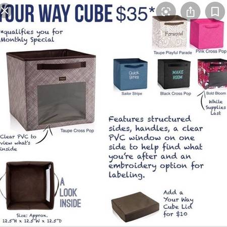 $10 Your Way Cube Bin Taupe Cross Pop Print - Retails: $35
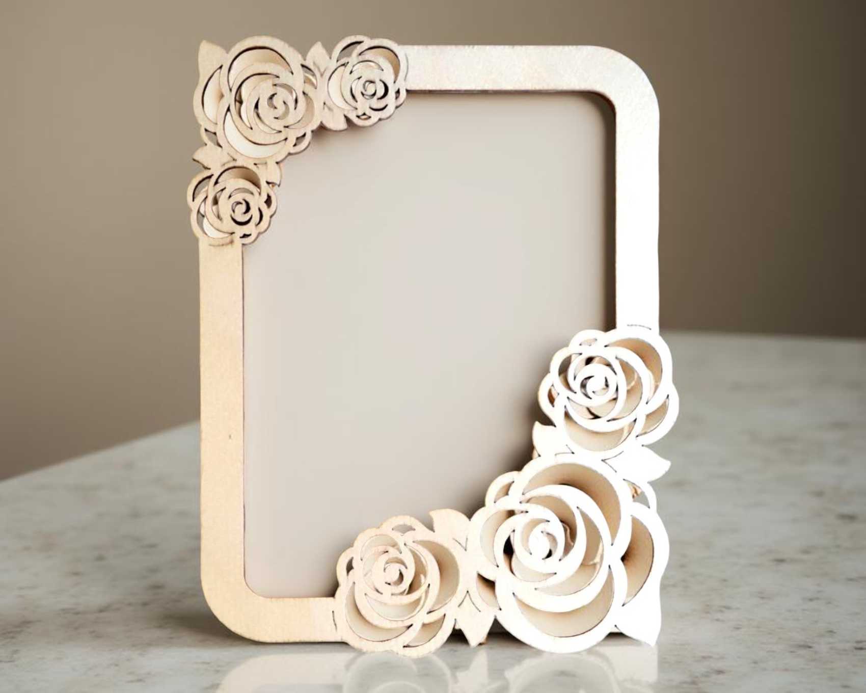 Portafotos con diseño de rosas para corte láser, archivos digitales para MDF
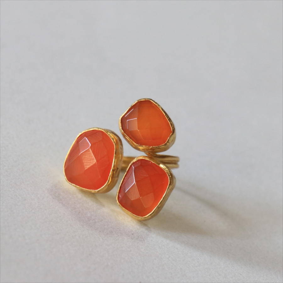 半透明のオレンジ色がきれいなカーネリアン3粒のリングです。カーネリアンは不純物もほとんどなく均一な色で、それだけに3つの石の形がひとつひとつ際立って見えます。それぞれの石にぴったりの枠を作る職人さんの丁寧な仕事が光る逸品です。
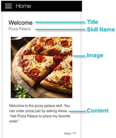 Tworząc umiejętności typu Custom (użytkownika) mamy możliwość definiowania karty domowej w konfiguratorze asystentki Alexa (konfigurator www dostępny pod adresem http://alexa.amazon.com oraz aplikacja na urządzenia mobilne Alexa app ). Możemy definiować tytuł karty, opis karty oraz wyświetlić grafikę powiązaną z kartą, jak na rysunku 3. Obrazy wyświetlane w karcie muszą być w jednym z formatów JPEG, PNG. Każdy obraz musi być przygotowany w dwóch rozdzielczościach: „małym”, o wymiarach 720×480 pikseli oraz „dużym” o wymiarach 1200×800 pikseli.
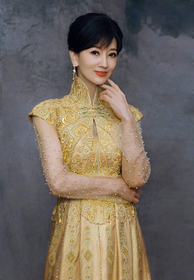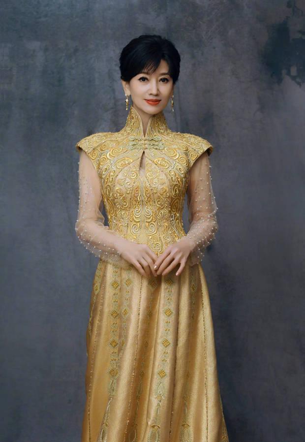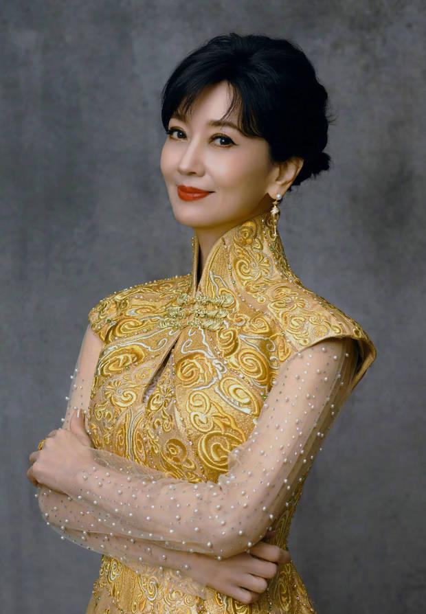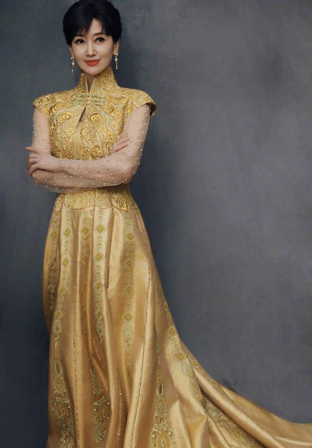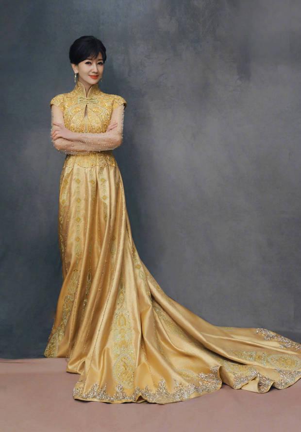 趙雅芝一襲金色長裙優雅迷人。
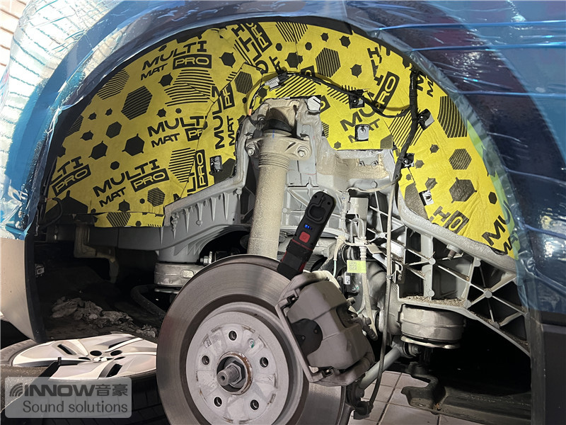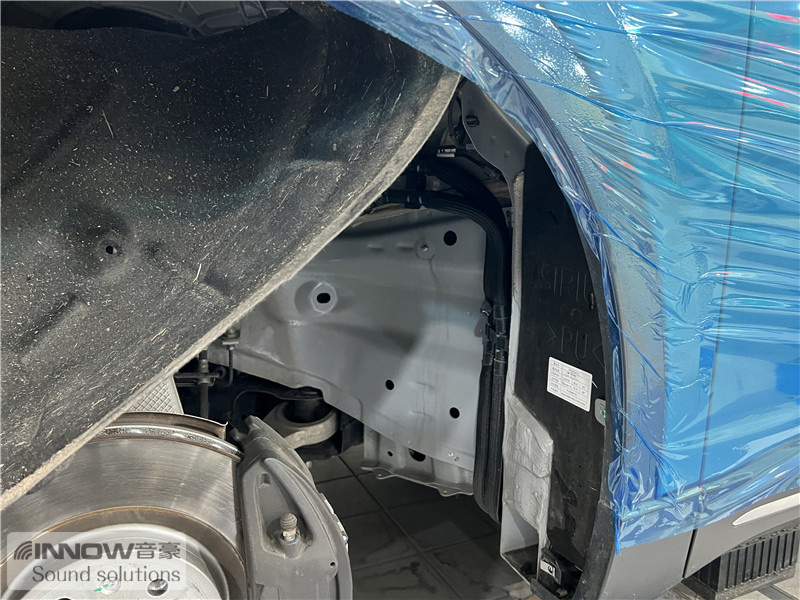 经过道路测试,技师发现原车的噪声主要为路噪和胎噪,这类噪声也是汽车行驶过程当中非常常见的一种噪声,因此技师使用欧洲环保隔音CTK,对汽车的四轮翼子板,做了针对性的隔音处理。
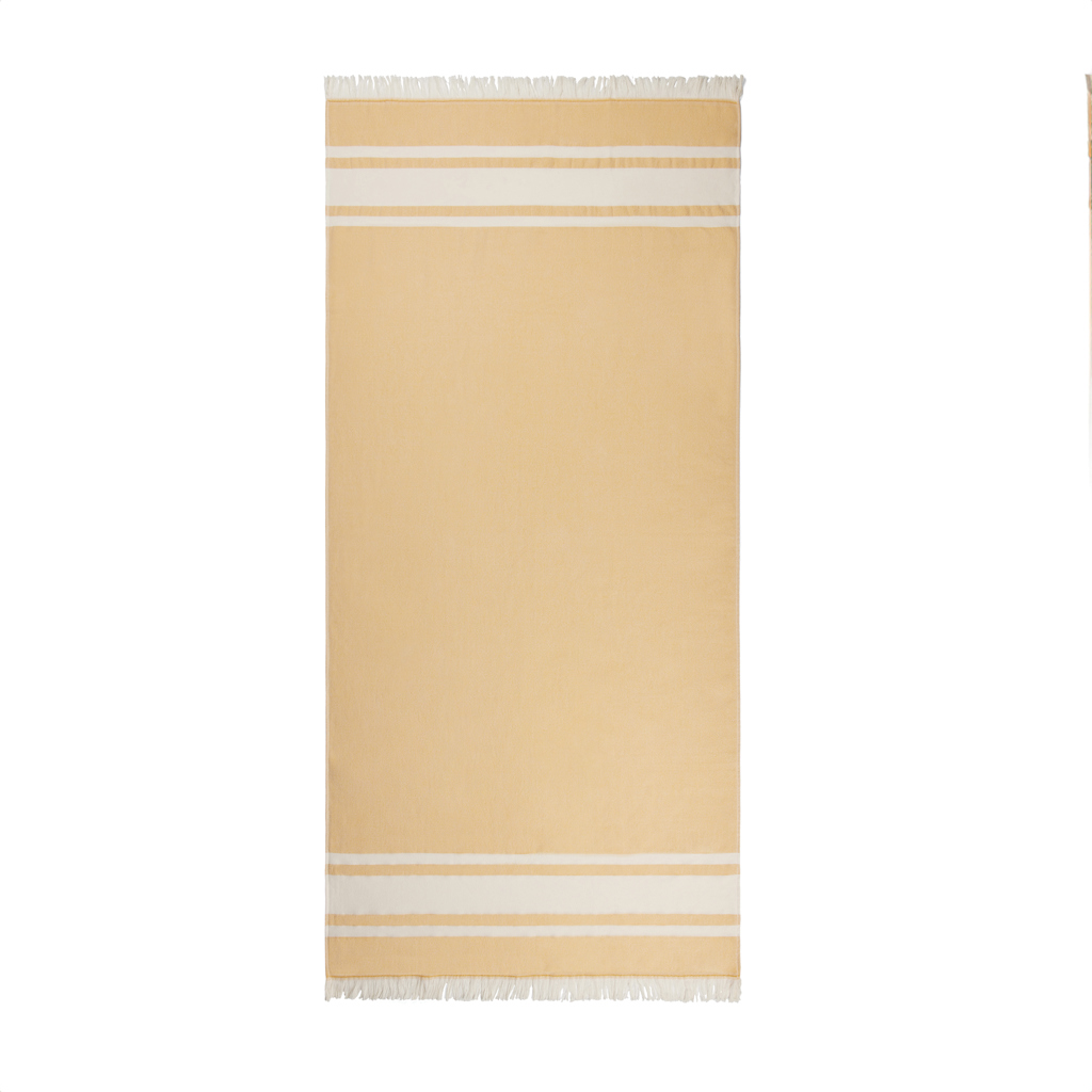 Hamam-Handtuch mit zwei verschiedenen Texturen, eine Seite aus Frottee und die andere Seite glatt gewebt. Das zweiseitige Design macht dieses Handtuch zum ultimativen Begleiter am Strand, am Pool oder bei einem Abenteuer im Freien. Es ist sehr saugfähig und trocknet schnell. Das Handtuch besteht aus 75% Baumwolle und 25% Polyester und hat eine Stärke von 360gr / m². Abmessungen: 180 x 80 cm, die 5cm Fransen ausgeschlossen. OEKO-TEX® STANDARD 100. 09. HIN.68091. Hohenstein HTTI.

++++++++++++++++++++

§ **PROBLEM STATEMENT**
Give back every entry in full, exactly as written, with no picture included.

§ **THE COMPLETED TASK**
 $10 Your Way Cube Bin Taupe Cross Pop Print - Retails: $35
 Portafotos con diseño de rosas para corte láser, archivos digitales para MDF
 半透明のオレンジ色がきれいなカーネリアン3粒のリングです。カーネリアンは不純物もほとんどなく均一な色で、それだけに3つの石の形がひとつひとつ際立って見えます。それぞれの石にぴったりの枠を作る職人さんの丁寧な仕事が光る逸品です。
 Tworząc umiejętności typu Custom (użytkownika) mamy możliwość definiowania karty domowej w konfiguratorze asystentki Alexa (konfigurator www dostępny pod adresem http://alexa.amazon.com oraz aplikacja na urządzenia mobilne Alexa app ). Możemy definiować tytuł karty, opis karty oraz wyświetlić grafikę powiązaną z kartą, jak na rysunku 3. Obrazy wyświetlane w karcie muszą być w jednym z formatów JPEG, PNG. Każdy obraz musi być przygotowany w dwóch rozdzielczościach: „małym”, o wymiarach 720×480 pikseli oraz „dużym” o wymiarach 1200×800 pikseli.
 趙雅芝一襲金色長裙優雅迷人。
 经过道路测试,技师发现原车的噪声主要为路噪和胎噪,这类噪声也是汽车行驶过程当中非常常见的一种噪声,因此技师使用欧洲环保隔音CTK,对汽车的四轮翼子板,做了针对性的隔音处理。
 Hamam-Handtuch mit zwei verschiedenen Texturen, eine Seite aus Frottee und die andere Seite glatt gewebt. Das zweiseitige Design macht dieses Handtuch zum ultimativen Begleiter am Strand, am Pool oder bei einem Abenteuer im Freien. Es ist sehr saugfähig und trocknet schnell. Das Handtuch besteht aus 75% Baumwolle und 25% Polyester und hat eine Stärke von 360gr / m². Abmessungen: 180 x 80 cm, die 5cm Fransen ausgeschlossen. OEKO-TEX® STANDARD 100. 09. HIN.68091. Hohenstein HTTI.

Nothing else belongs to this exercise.